- **WHAT YOU HAVE TO DO**: Give back each entry unchanged, minus pictures.

- **DATA FOR THE TASK**:
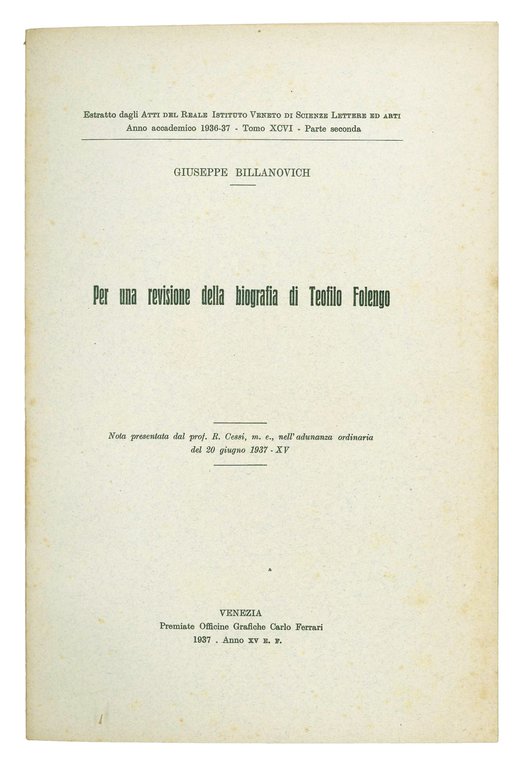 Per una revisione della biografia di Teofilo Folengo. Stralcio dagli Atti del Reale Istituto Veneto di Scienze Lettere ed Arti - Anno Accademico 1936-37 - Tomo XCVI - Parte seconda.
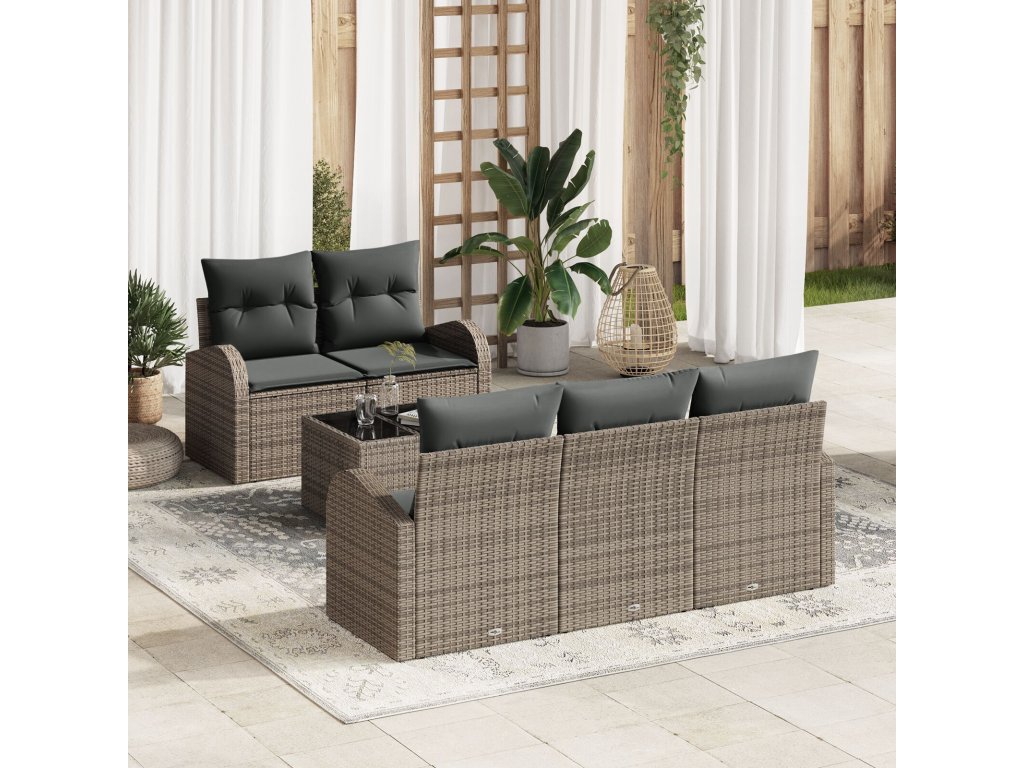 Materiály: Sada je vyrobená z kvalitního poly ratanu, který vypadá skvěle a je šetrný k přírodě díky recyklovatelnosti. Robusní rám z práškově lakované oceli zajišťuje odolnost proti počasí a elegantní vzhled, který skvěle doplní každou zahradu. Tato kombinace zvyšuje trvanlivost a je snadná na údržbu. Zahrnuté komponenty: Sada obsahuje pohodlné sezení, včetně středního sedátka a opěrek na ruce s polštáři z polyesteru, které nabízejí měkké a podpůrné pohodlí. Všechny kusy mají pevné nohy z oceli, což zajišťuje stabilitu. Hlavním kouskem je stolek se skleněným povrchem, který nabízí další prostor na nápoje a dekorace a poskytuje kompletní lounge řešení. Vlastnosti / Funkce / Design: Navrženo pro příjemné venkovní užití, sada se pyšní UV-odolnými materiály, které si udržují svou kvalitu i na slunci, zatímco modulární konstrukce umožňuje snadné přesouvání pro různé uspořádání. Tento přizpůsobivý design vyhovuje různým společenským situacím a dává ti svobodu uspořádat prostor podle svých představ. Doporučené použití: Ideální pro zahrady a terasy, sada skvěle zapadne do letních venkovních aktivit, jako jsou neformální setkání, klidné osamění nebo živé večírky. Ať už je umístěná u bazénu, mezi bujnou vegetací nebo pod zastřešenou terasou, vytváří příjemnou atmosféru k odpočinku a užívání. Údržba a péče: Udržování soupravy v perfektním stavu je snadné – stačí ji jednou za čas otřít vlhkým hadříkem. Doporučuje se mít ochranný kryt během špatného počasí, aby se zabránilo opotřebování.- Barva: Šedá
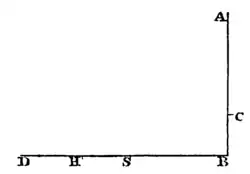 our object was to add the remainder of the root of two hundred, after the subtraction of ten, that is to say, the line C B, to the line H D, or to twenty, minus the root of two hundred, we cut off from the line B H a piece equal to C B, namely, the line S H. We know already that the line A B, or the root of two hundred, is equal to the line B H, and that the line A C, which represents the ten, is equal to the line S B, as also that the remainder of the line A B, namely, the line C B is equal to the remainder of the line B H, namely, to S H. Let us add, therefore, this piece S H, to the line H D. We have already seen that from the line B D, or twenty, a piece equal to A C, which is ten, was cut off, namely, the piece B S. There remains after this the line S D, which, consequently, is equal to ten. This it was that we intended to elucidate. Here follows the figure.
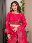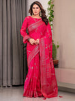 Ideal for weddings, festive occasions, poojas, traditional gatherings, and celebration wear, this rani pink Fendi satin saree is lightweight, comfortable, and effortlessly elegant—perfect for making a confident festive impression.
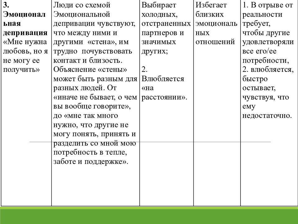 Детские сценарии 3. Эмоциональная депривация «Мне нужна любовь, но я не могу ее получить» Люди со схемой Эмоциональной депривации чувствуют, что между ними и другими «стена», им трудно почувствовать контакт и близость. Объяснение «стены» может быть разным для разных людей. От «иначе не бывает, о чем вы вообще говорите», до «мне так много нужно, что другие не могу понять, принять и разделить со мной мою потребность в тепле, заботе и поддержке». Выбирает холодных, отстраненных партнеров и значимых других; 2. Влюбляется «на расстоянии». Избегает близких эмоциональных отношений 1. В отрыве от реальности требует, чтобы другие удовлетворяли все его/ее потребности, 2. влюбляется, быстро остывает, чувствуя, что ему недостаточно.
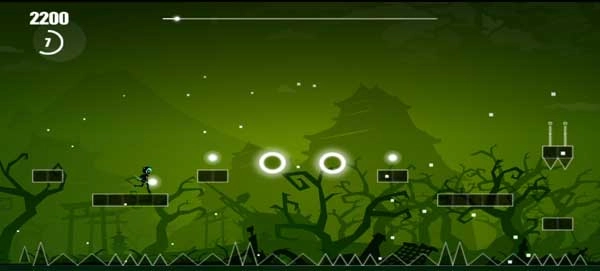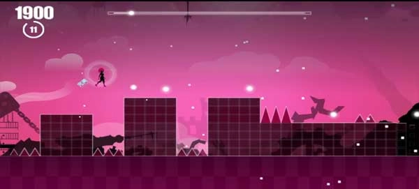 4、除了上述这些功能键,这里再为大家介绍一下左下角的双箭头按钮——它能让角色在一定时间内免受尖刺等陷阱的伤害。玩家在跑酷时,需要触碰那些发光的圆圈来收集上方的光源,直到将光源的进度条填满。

- **EXERCISE OUTPUT**:
 Per una revisione della biografia di Teofilo Folengo. Stralcio dagli Atti del Reale Istituto Veneto di Scienze Lettere ed Arti - Anno Accademico 1936-37 - Tomo XCVI - Parte seconda.
 Materiály: Sada je vyrobená z kvalitního poly ratanu, který vypadá skvěle a je šetrný k přírodě díky recyklovatelnosti. Robusní rám z práškově lakované oceli zajišťuje odolnost proti počasí a elegantní vzhled, který skvěle doplní každou zahradu. Tato kombinace zvyšuje trvanlivost a je snadná na údržbu. Zahrnuté komponenty: Sada obsahuje pohodlné sezení, včetně středního sedátka a opěrek na ruce s polštáři z polyesteru, které nabízejí měkké a podpůrné pohodlí. Všechny kusy mají pevné nohy z oceli, což zajišťuje stabilitu. Hlavním kouskem je stolek se skleněným povrchem, který nabízí další prostor na nápoje a dekorace a poskytuje kompletní lounge řešení. Vlastnosti / Funkce / Design: Navrženo pro příjemné venkovní užití, sada se pyšní UV-odolnými materiály, které si udržují svou kvalitu i na slunci, zatímco modulární konstrukce umožňuje snadné přesouvání pro různé uspořádání. Tento přizpůsobivý design vyhovuje různým společenským situacím a dává ti svobodu uspořádat prostor podle svých představ. Doporučené použití: Ideální pro zahrady a terasy, sada skvěle zapadne do letních venkovních aktivit, jako jsou neformální setkání, klidné osamění nebo živé večírky. Ať už je umístěná u bazénu, mezi bujnou vegetací nebo pod zastřešenou terasou, vytváří příjemnou atmosféru k odpočinku a užívání. Údržba a péče: Udržování soupravy v perfektním stavu je snadné – stačí ji jednou za čas otřít vlhkým hadříkem. Doporučuje se mít ochranný kryt během špatného počasí, aby se zabránilo opotřebování.- Barva: Šedá
 our object was to add the remainder of the root of two hundred, after the subtraction of ten, that is to say, the line C B, to the line H D, or to twenty, minus the root of two hundred, we cut off from the line B H a piece equal to C B, namely, the line S H. We know already that the line A B, or the root of two hundred, is equal to the line B H, and that the line A C, which represents the ten, is equal to the line S B, as also that the remainder of the line A B, namely, the line C B is equal to the remainder of the line B H, namely, to S H. Let us add, therefore, this piece S H, to the line H D. We have already seen that from the line B D, or twenty, a piece equal to A C, which is ten, was cut off, namely, the piece B S. There remains after this the line S D, which, consequently, is equal to ten. This it was that we intended to elucidate. Here follows the figure.
 Ideal for weddings, festive occasions, poojas, traditional gatherings, and celebration wear, this rani pink Fendi satin saree is lightweight, comfortable, and effortlessly elegant—perfect for making a confident festive impression.
 Детские сценарии 3. Эмоциональная депривация «Мне нужна любовь, но я не могу ее получить» Люди со схемой Эмоциональной депривации чувствуют, что между ними и другими «стена», им трудно почувствовать контакт и близость. Объяснение «стены» может быть разным для разных людей. От «иначе не бывает, о чем вы вообще говорите», до «мне так много нужно, что другие не могу понять, принять и разделить со мной мою потребность в тепле, заботе и поддержке». Выбирает холодных, отстраненных партнеров и значимых других; 2. Влюбляется «на расстоянии». Избегает близких эмоциональных отношений 1. В отрыве от реальности требует, чтобы другие удовлетворяли все его/ее потребности, 2. влюбляется, быстро остывает, чувствуя, что ему недостаточно.
 4、除了上述这些功能键,这里再为大家介绍一下左下角的双箭头按钮——它能让角色在一定时间内免受尖刺等陷阱的伤害。玩家在跑酷时,需要触碰那些发光的圆圈来收集上方的光源,直到将光源的进度条填满。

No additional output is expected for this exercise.